======== MATERIAL PROVIDED

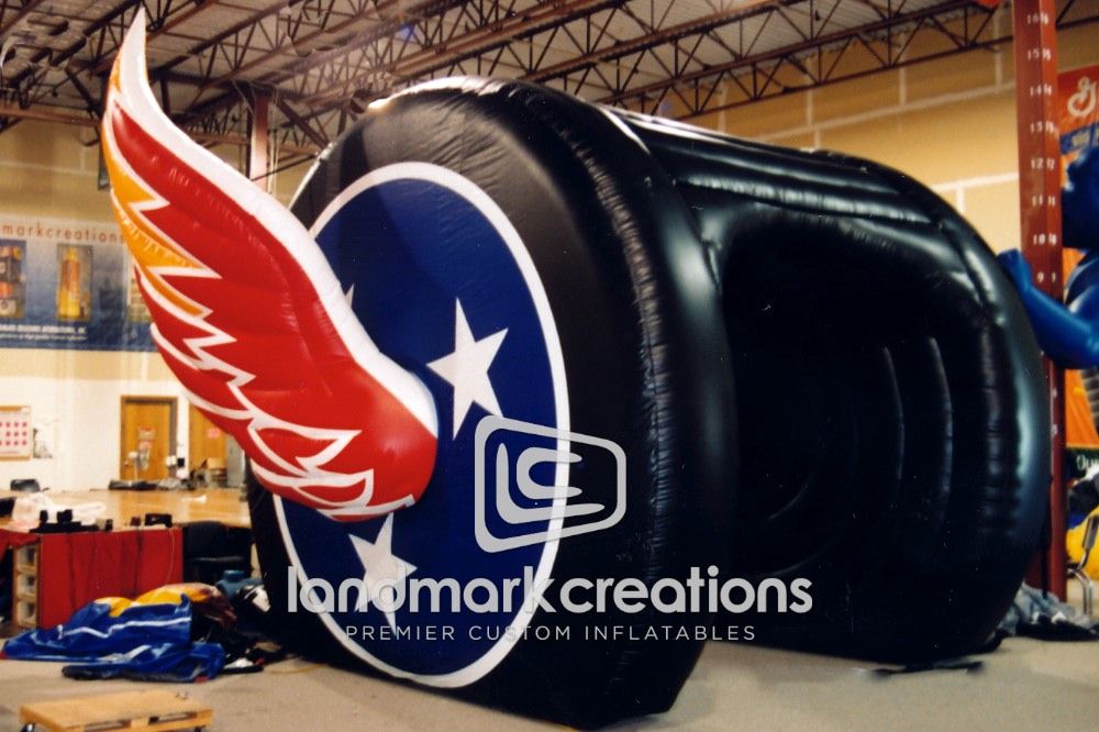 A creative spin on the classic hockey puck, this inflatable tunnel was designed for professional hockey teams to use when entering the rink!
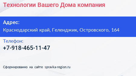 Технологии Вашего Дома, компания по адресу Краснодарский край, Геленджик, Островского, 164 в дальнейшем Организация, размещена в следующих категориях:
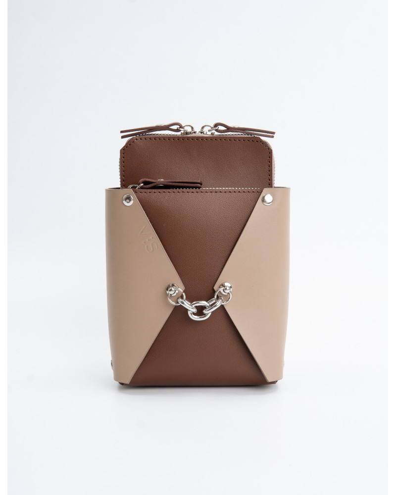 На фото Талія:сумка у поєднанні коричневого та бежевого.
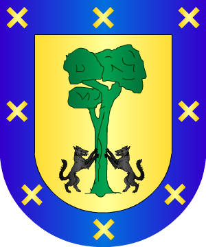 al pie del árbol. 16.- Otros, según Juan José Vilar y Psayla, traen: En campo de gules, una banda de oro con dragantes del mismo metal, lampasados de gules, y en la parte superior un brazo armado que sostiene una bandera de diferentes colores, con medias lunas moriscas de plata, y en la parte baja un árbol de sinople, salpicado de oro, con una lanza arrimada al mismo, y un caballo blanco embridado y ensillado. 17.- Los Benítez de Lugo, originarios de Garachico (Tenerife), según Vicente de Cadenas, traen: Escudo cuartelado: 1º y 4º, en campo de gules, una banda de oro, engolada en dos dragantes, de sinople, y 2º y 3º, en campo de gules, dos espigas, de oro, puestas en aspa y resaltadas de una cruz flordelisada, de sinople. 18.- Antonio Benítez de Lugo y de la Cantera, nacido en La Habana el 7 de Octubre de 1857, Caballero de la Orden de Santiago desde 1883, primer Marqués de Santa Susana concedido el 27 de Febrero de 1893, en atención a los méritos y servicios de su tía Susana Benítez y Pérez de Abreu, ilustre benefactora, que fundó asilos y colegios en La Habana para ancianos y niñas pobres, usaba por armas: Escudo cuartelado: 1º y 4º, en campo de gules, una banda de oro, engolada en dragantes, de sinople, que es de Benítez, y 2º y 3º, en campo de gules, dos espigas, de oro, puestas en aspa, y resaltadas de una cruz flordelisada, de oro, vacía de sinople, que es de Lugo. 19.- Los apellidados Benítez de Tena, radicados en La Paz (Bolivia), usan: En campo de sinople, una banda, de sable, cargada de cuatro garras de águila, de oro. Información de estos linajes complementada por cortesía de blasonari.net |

================

> _TASK OBJECTIVE_
Reproduce exactly the lines from the beginning of the material down to the line containing "На фото Талія:сумка", both ends included, but not the pictures or anything after.

> _THE ANSWER_
 A creative spin on the classic hockey puck, this inflatable tunnel was designed for professional hockey teams to use when entering the rink!
 Технологии Вашего Дома, компания по адресу Краснодарский край, Геленджик, Островского, 164 в дальнейшем Организация, размещена в следующих категориях:
 На фото Талія:сумка у поєднанні коричневого та бежевого.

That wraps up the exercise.